Для того чтобы король был в таком счастливом настроении, требовалось удачное сочетание трех обстоятельств. Во-первых, король должен был провести спокойную ночь без приступов мучившей его сердечной болезни. Во-вторых, нужен был такой удачный охотничий день, во время которого собаки ни разу не сбились со следа. И в-третьих (что было труднее всего), королева-мать должна была забыть излюбленные рассуждения о политике и религиозных разногласиях.
На этот раз все эти обстоятельства счастливо сочетались, а благодаря этому Карл IX из угрюмого, сумасбродного государя превратился в любезного, готового к всепрощению и снисхождению человека.
В тот момент, когда королевский кортеж подъезжал к дворцу, королева-мать склонилась к Карлу IX и сказала:
— Благоугодно ли будет вашему величеству принять меня сегодня вечером?

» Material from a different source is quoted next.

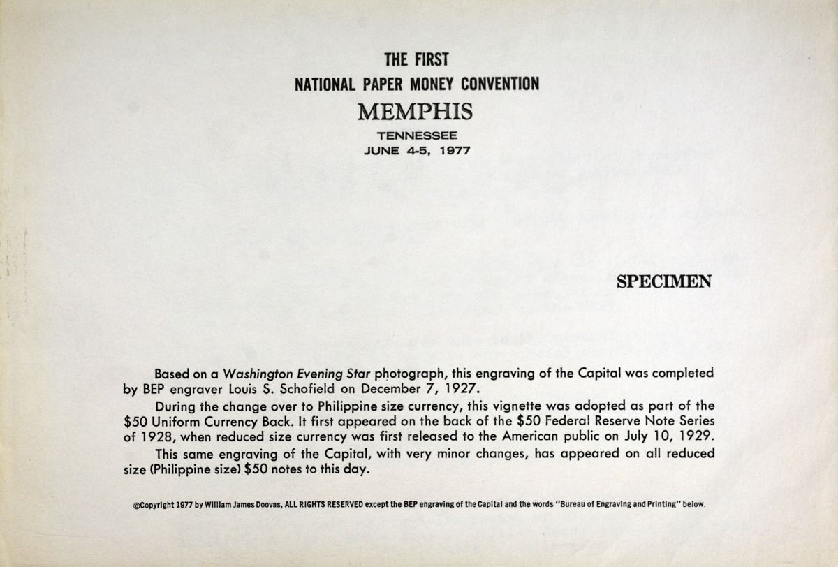 B.E.P. Card from 1st Memphis Paper Money Show. Memphis Tennessee. June 4-5, 1977. Autographed Signatures of Dealers and Attendees. #00109 with several signatures of famous paper money dealers and collectors who are no longer with us. Signed by the following: Don Kagin, Harry Fourman, William P. Donlon, Eva Jubangik, Mike Crabb, Chuck O'Donnell, Rob Kravitz, William Doovas, Dusty Royer, Ossie Sr., John Rowe III, John Hickman, Amon Carter, Don Kelly, Harry Jones, Don Fisher, Howard Chone, Mike Marchine.

— С восторгом, ваше величество.
— В таком случае я буду в вашем рабочем кабинете между восемью и девятью часами. Мне придется сделать вашему величеству важное сообщение.
Карл IX нахмурился и произнес:
— Уж не собираетесь ли вы снова говорить со мной о политике?
— Нет, ваше величество.
— Ну так приходите, — сказал король, облегченно переводя дух, — мы поиграем в ломбр.
— С удовольствием!
— Жалко только, что этот бедняга Коарасс находится в печальном состоянии…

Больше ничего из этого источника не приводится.